▸ RECORDS FOR THIS EXERCISE
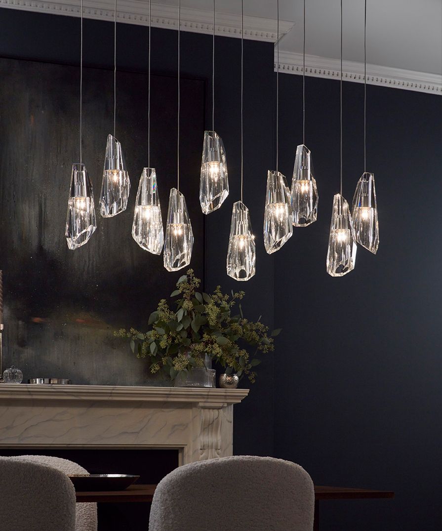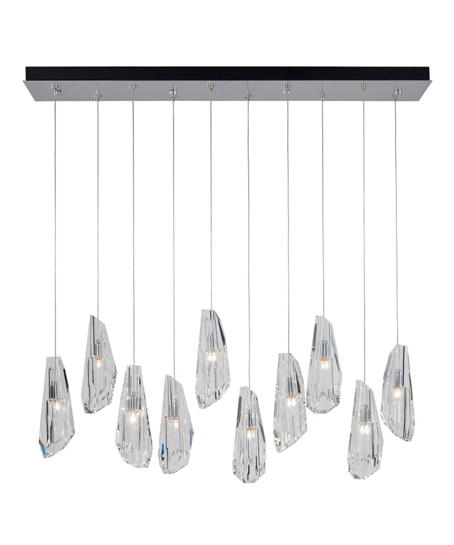 A linear ten light pendant cluster featuring two rows of large stunning hand-cut polished crystals which can be hung at the same level or staggered. Finished in Sterling, this gorgeous pendant is also available in other finish options on request.
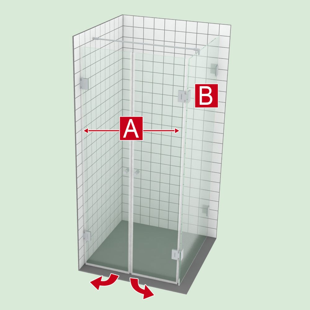 Eck-Dusche, Doppeltür DIN-links + DIN-rechts + festes Seitenteil --- Lieferumfang: 3x ESG-Sicherheitsglas 8mm, klar, als Doppeltür DIN-links + DIN-rechts + festes Seitenteil, 2x Duschpendel-Türband Wand/Glas 90°, 2x Duschpendel-Türband Glas/Glas 90°, 2x Winkelverbinder Wand/Glas 90°, 2x Duschtürknopf, 1x Stabilisations-Stange Wand/Glas 90°, 1250 mm (kürzbar), 2x Dichtprofil, Seitliche Streifendichtung, 1x Magnet-Dichtprofil 180°, 1x Wasserabweisprofil unten mit Streifendichtung.
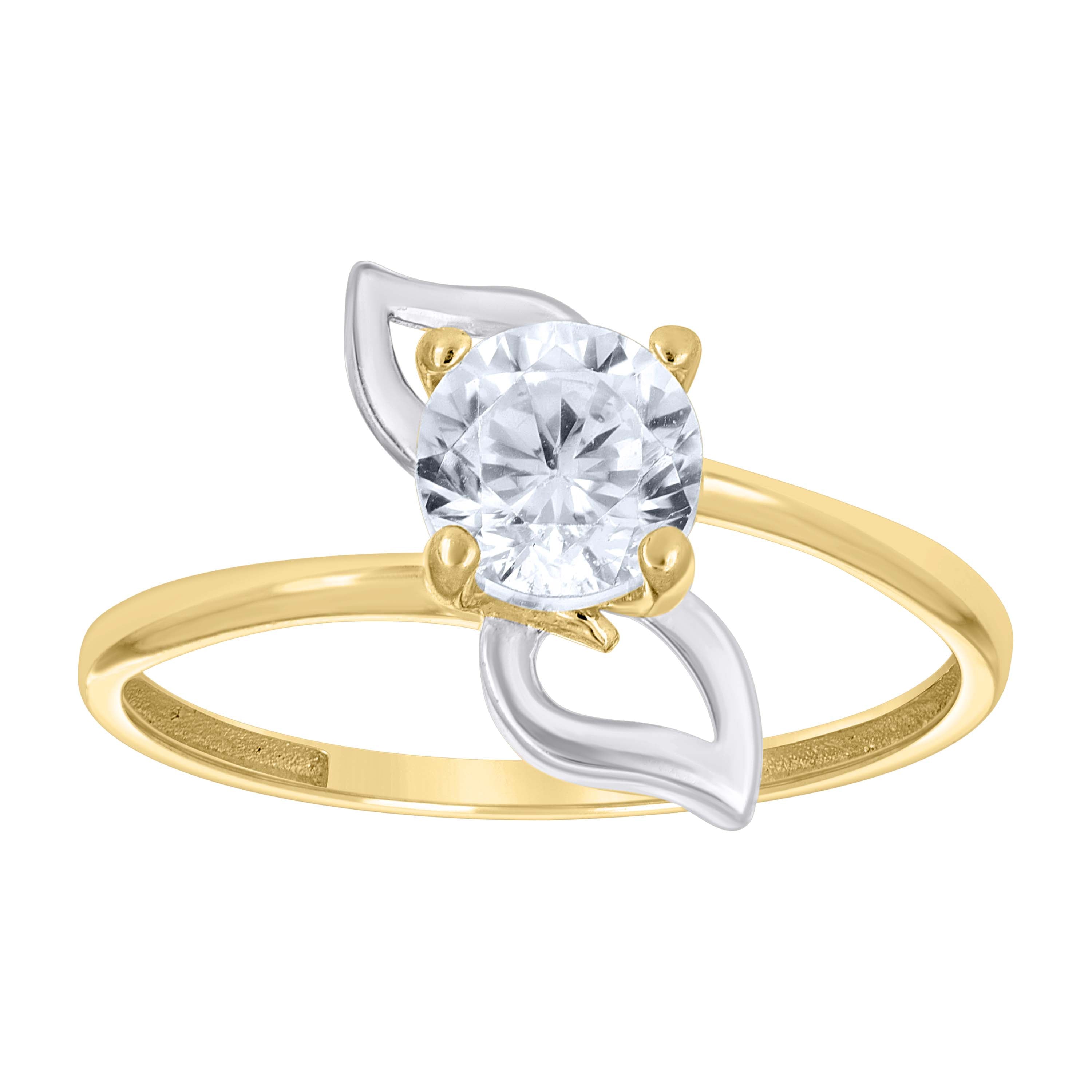 Discover elegance with our 14Kt Two-Tone Gold Women's Cubic Zirconia Leaf Engagement Ring. Weighing a delicate 1.88 grams, this piece boasts a polished finish, with a height of 12.2MM and a sleek width of 1.2MM. The prong-set round white cubic zirconia adds a sparkling allure, making it a perfect symbol of love and commitment.
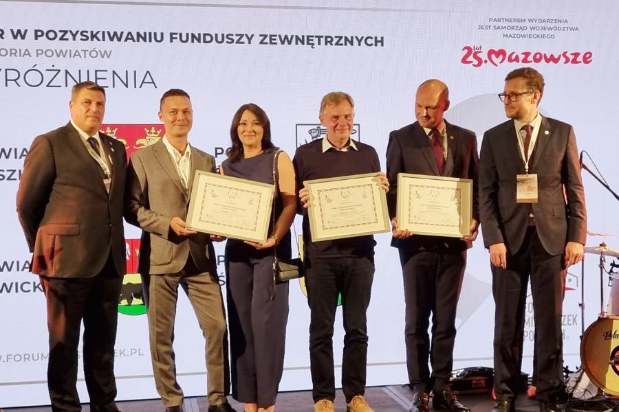 Certyfikat z rąk kapituły odebrali w Warszawie skarbniczka powiatu Elżbieta Czarnota oraz kierownik Wydziału Rozwoju, Funduszy Zewnętrznych i Promocji Powiatu Marcin Brzeziński.
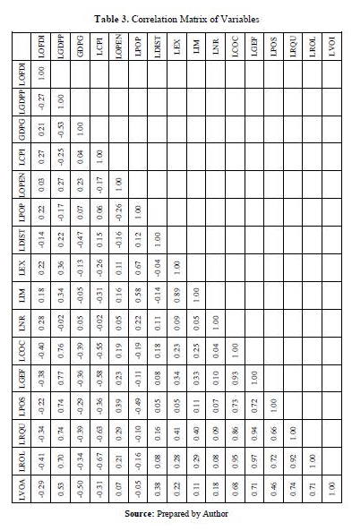 To examine the factors that impact the OFDI amount, we employ the FMOLS estimate to regress Ln (OFDI) with independent variables. In this model, only observations in Vietnamese host countries-or OFDI =1 in probit regressions-are taken into account. Correlation matrix of the variables for this model is presented in Table 3. It can be seen that good governance variables are strongly correlated with each other.
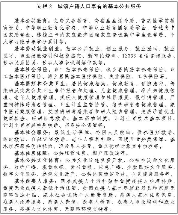 ——进城人口市民化水平显著提升。实现居住证持证人口与户籍人口基本公共服务同城均等化。义务教育、就业服务、基本养老、基本医疗卫生、保障性住房等基本公共服务覆盖城镇全部常住人口。
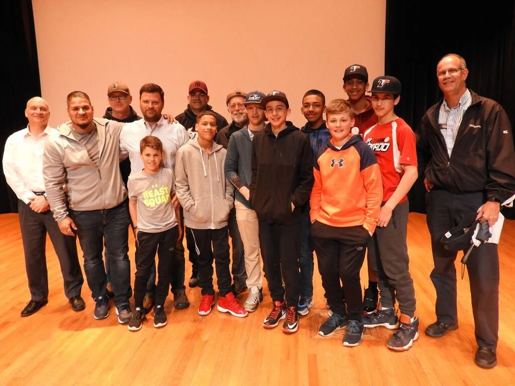 As baseball coaches and young ballplayers start streaming into the lobby of the Miller Center, it becomes very clear that Cathleen Stephens, Director of the Miller Center for the Arts, and Natalie Babb, Outreach Coordinator, have done an excellent job of community outreach. The Reading youth baseball community is here. There’s a nice buffet and reception, volunteers from the community are helping, the kids are gathering around the buffet table, wolfing chicken tenders, there is a a lovely community feel to it. One Reading team, from an outlying area, is made up mostly white kids, while an inner city Reading team has mostly Latino and black kids. It’s explained to me that Reading, with the highest per capita poverty rate in the country, is like a doughnut, with a prosperous and white outer circle and an impoverished center.
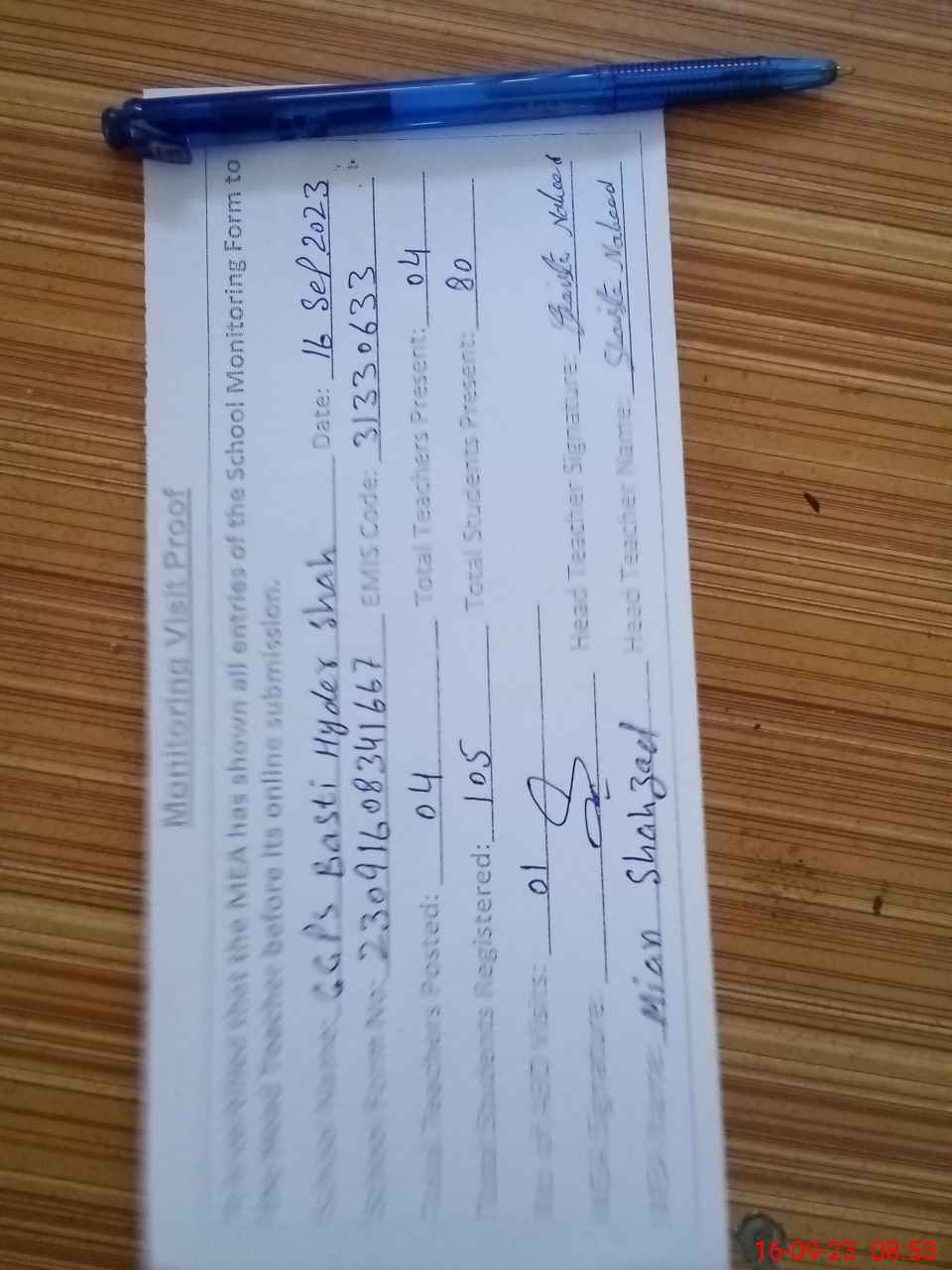 | Attendance Register | Head Teacher | MEA with School | Visit Proof |
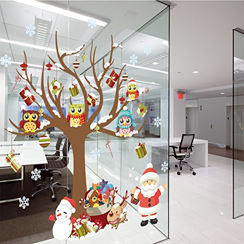 Merry Christmas Santa Cluas Gifts Snowman Olws Christmas Tree Removable Wall Stickers For Shop Window Glass Showcase Kids Nursery Girls and Boys Room Living Room Bedroom [並行輸入品]
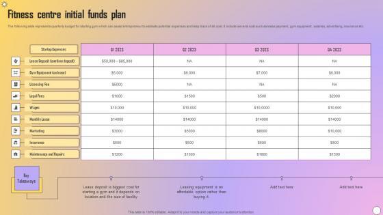 The following slide represents quarterly budget for starting gym which can assist entrepreneur to estimate potential expenses and keep track of all cost. It include several cost such as lease payment, gym equipment, salaries, advertising, insurance etc. Pitch your topic with ease and precision using this Fitness Centre Initial Funds Plan Information Pdf. This layout presents information on Lease Deposit, Gym Equipment, Licensing Fee. It is also available for immediate download and adjustment. So, changes can be made in the color, design, graphics or any other component to create a unique layout. The following slide represents quarterly budget for starting gym which can assist entrepreneur to estimate potential expenses and keep track of all cost. It include several cost such as lease payment, gym equipment, salaries, advertising, insurance etc.
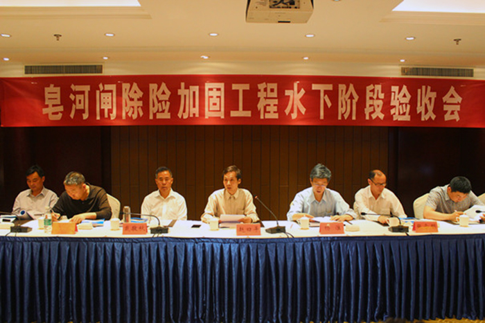 67日,由我公司三分公司承建的皂河闸除险加固工程通过了水下工程阶段验收。验收会议由省水利厅基建处调研员赵曰平主持。我公司总经理时爱祥、副总经理杨斌参加了验收活动。
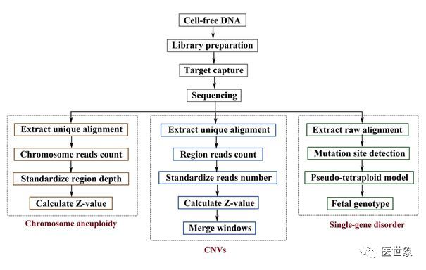 常规检测中,若想筛查出胎儿是否伴有13/18/21-三体综合征、致病CNVs(染色体微缺失/微重复综合征)、单基因病等三种异常,是需要三个独立的检测实验完成,这就意味着孕妇及其家庭将面临着高昂费用,同时还有漫长的时间等待。 是否有一种技术可以同时对上述三种异常问题进行检测呢? 安诺优达基因科技联合浙江大学医学院附属妇产科医院、南方医科大学南方医院等机构,采用目标区域捕获及创新性的一体化生信分析方法,在研究染色体非整倍性疾病、染色体微缺失/微重复综合征和单基因遗传病的三合一无创产前DNA检测技术方面,取得了令人满意的成果。研究相关成果在线发表于Molecular Genetics & Genomic Medicine。 研究人员设计了涵盖8,731个区域的panel,其中8,171个等长区域在常染色体和性染色体上均匀分布,其余560个非等长区域覆盖在β-地中海贫血、非综合性耳聋和苯丙酮尿症常见突变位点区域。 染色体非整倍性和致病CNVs的生信分析保留了传统的Z值计算方法,而对于常染色体隐性遗传单基因病的检测创新性采用安诺优达独立自主研发的假四倍体模型分析方法(专利申请号 201611270836.9)联合进行胎儿基因型的预测。 结果表明,本研究所采用的创新性检测方法对非整倍性和致病CNVs的检出率均为100%,对三种常染色体隐性遗传病的准确率可达86.4%。初步验证了NIPT技术可同时实现对染色体非整倍性、染色体微缺失/微重复综合征及单基因遗传病的检测,为未来临床中开发新型经济、快速且多功能的产前检测提供了重要依据。 关于假四倍体模型分析方法 假四倍体模型分析方法是安诺优达技术团队自主研发,指孕妇外周血中母亲+胎儿混合的基因型,称之为“假四倍体”,可能存在的基因型AAAA、AAAB、ABAA、ABAB、ABBB、BBAB、BBBB(A、B分别代表母体和子代的野生型、突变型),这几种基因型与胎儿浓度分别存在对应关系。研究人员通过最大似然估计,不断的迭代出胎儿的最优浓度。利用贝叶斯模型得到每个位点最优基因型,利用基因型与胎儿浓度的对应关系估算出最准确的胎儿浓度,不断的迭代直到前后两次浓度之差小于0.001,从而得到对应的胎儿基因型。 2018年8月,国家卫健委组织制定并发布了《全国出生缺陷综合防治方案》。方案要求,到2022年,全面提高国民出生缺陷防治知识普及和优生优育健康筛查工作。安诺优达作为国家发改委首批基因检测技术应用示范中心,已开发出一整套贯穿生殖生育全周期的筛查、检测方案,助力我国出生缺陷综合防治工作。作为中国领先的NIPT服务商,安诺优达也长期致力于生殖生育领域的技术创新与研发工作。 2017年12月,国家卫生计生委科学技术研究所、安诺优达与全国近30家应用研究中心联合开展“NIPT准确性干扰因素研究”(课题编号:2016YFC1000307-12),对影响NIPT结果准确性的因素进行综合分析,为NIPT的临床应用奠定基础,建立中国的NIPT专家共识。 |
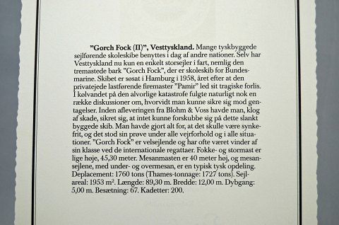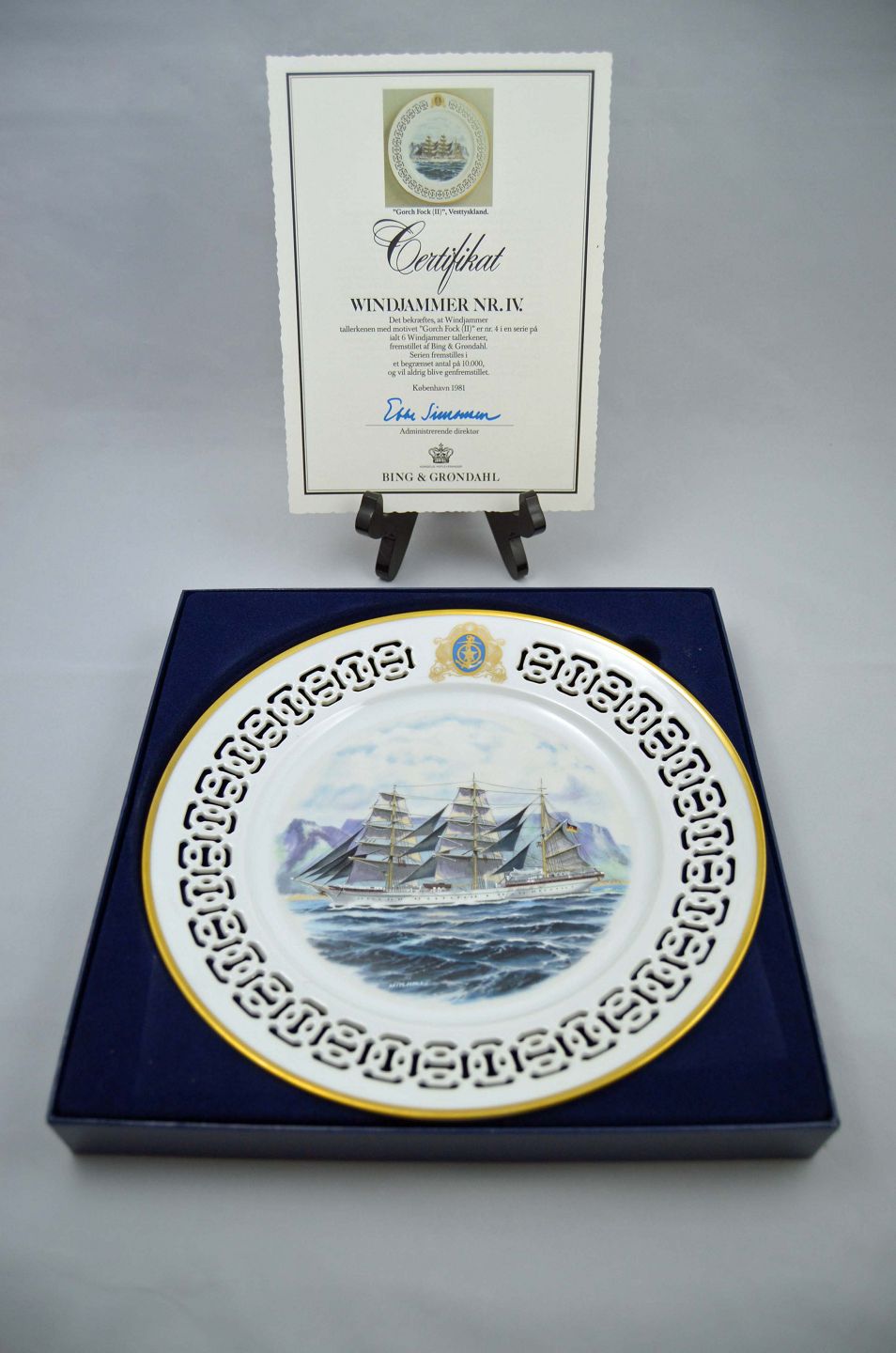 Windjammer seriens nr. 4 er motivet af skibet ‘Gorch Fock’ fra Vesttyskland . Platte nr. 8869/633. Den har en diameter på 27,5 cm. Platten er i perfekt stand, og den er klargjort til ophæng.

▸ WHAT THE EXERCISE ASKS
Copy out the entries verbatim, but skip every picture.

▸ YOUR RESPONSE
 A linear ten light pendant cluster featuring two rows of large stunning hand-cut polished crystals which can be hung at the same level or staggered. Finished in Sterling, this gorgeous pendant is also available in other finish options on request.
 Eck-Dusche, Doppeltür DIN-links + DIN-rechts + festes Seitenteil --- Lieferumfang: 3x ESG-Sicherheitsglas 8mm, klar, als Doppeltür DIN-links + DIN-rechts + festes Seitenteil, 2x Duschpendel-Türband Wand/Glas 90°, 2x Duschpendel-Türband Glas/Glas 90°, 2x Winkelverbinder Wand/Glas 90°, 2x Duschtürknopf, 1x Stabilisations-Stange Wand/Glas 90°, 1250 mm (kürzbar), 2x Dichtprofil, Seitliche Streifendichtung, 1x Magnet-Dichtprofil 180°, 1x Wasserabweisprofil unten mit Streifendichtung.
 Discover elegance with our 14Kt Two-Tone Gold Women's Cubic Zirconia Leaf Engagement Ring. Weighing a delicate 1.88 grams, this piece boasts a polished finish, with a height of 12.2MM and a sleek width of 1.2MM. The prong-set round white cubic zirconia adds a sparkling allure, making it a perfect symbol of love and commitment.
 Certyfikat z rąk kapituły odebrali w Warszawie skarbniczka powiatu Elżbieta Czarnota oraz kierownik Wydziału Rozwoju, Funduszy Zewnętrznych i Promocji Powiatu Marcin Brzeziński.
 To examine the factors that impact the OFDI amount, we employ the FMOLS estimate to regress Ln (OFDI) with independent variables. In this model, only observations in Vietnamese host countries-or OFDI =1 in probit regressions-are taken into account. Correlation matrix of the variables for this model is presented in Table 3. It can be seen that good governance variables are strongly correlated with each other.
 ——进城人口市民化水平显著提升。实现居住证持证人口与户籍人口基本公共服务同城均等化。义务教育、就业服务、基本养老、基本医疗卫生、保障性住房等基本公共服务覆盖城镇全部常住人口。
 As baseball coaches and young ballplayers start streaming into the lobby of the Miller Center, it becomes very clear that Cathleen Stephens, Director of the Miller Center for the Arts, and Natalie Babb, Outreach Coordinator, have done an excellent job of community outreach. The Reading youth baseball community is here. There’s a nice buffet and reception, volunteers from the community are helping, the kids are gathering around the buffet table, wolfing chicken tenders, there is a a lovely community feel to it. One Reading team, from an outlying area, is made up mostly white kids, while an inner city Reading team has mostly Latino and black kids. It’s explained to me that Reading, with the highest per capita poverty rate in the country, is like a doughnut, with a prosperous and white outer circle and an impoverished center.
 | Attendance Register | Head Teacher | MEA with School | Visit Proof |
 Merry Christmas Santa Cluas Gifts Snowman Olws Christmas Tree Removable Wall Stickers For Shop Window Glass Showcase Kids Nursery Girls and Boys Room Living Room Bedroom [並行輸入品]
 The following slide represents quarterly budget for starting gym which can assist entrepreneur to estimate potential expenses and keep track of all cost. It include several cost such as lease payment, gym equipment, salaries, advertising, insurance etc. Pitch your topic with ease and precision using this Fitness Centre Initial Funds Plan Information Pdf. This layout presents information on Lease Deposit, Gym Equipment, Licensing Fee. It is also available for immediate download and adjustment. So, changes can be made in the color, design, graphics or any other component to create a unique layout. The following slide represents quarterly budget for starting gym which can assist entrepreneur to estimate potential expenses and keep track of all cost. It include several cost such as lease payment, gym equipment, salaries, advertising, insurance etc.
 67日,由我公司三分公司承建的皂河闸除险加固工程通过了水下工程阶段验收。验收会议由省水利厅基建处调研员赵曰平主持。我公司总经理时爱祥、副总经理杨斌参加了验收活动。
 常规检测中,若想筛查出胎儿是否伴有13/18/21-三体综合征、致病CNVs(染色体微缺失/微重复综合征)、单基因病等三种异常,是需要三个独立的检测实验完成,这就意味着孕妇及其家庭将面临着高昂费用,同时还有漫长的时间等待。 是否有一种技术可以同时对上述三种异常问题进行检测呢? 安诺优达基因科技联合浙江大学医学院附属妇产科医院、南方医科大学南方医院等机构,采用目标区域捕获及创新性的一体化生信分析方法,在研究染色体非整倍性疾病、染色体微缺失/微重复综合征和单基因遗传病的三合一无创产前DNA检测技术方面,取得了令人满意的成果。研究相关成果在线发表于Molecular Genetics & Genomic Medicine。 研究人员设计了涵盖8,731个区域的panel,其中8,171个等长区域在常染色体和性染色体上均匀分布,其余560个非等长区域覆盖在β-地中海贫血、非综合性耳聋和苯丙酮尿症常见突变位点区域。 染色体非整倍性和致病CNVs的生信分析保留了传统的Z值计算方法,而对于常染色体隐性遗传单基因病的检测创新性采用安诺优达独立自主研发的假四倍体模型分析方法(专利申请号 201611270836.9)联合进行胎儿基因型的预测。 结果表明,本研究所采用的创新性检测方法对非整倍性和致病CNVs的检出率均为100%,对三种常染色体隐性遗传病的准确率可达86.4%。初步验证了NIPT技术可同时实现对染色体非整倍性、染色体微缺失/微重复综合征及单基因遗传病的检测,为未来临床中开发新型经济、快速且多功能的产前检测提供了重要依据。 关于假四倍体模型分析方法 假四倍体模型分析方法是安诺优达技术团队自主研发,指孕妇外周血中母亲+胎儿混合的基因型,称之为“假四倍体”,可能存在的基因型AAAA、AAAB、ABAA、ABAB、ABBB、BBAB、BBBB(A、B分别代表母体和子代的野生型、突变型),这几种基因型与胎儿浓度分别存在对应关系。研究人员通过最大似然估计,不断的迭代出胎儿的最优浓度。利用贝叶斯模型得到每个位点最优基因型,利用基因型与胎儿浓度的对应关系估算出最准确的胎儿浓度,不断的迭代直到前后两次浓度之差小于0.001,从而得到对应的胎儿基因型。 2018年8月,国家卫健委组织制定并发布了《全国出生缺陷综合防治方案》。方案要求,到2022年,全面提高国民出生缺陷防治知识普及和优生优育健康筛查工作。安诺优达作为国家发改委首批基因检测技术应用示范中心,已开发出一整套贯穿生殖生育全周期的筛查、检测方案,助力我国出生缺陷综合防治工作。作为中国领先的NIPT服务商,安诺优达也长期致力于生殖生育领域的技术创新与研发工作。 2017年12月,国家卫生计生委科学技术研究所、安诺优达与全国近30家应用研究中心联合开展“NIPT准确性干扰因素研究”(课题编号:2016YFC1000307-12),对影响NIPT结果准确性的因素进行综合分析,为NIPT的临床应用奠定基础,建立中国的NIPT专家共识。 |
 Windjammer seriens nr. 4 er motivet af skibet ‘Gorch Fock’ fra Vesttyskland . Platte nr. 8869/633. Den har en diameter på 27,5 cm. Platten er i perfekt stand, og den er klargjort til ophæng.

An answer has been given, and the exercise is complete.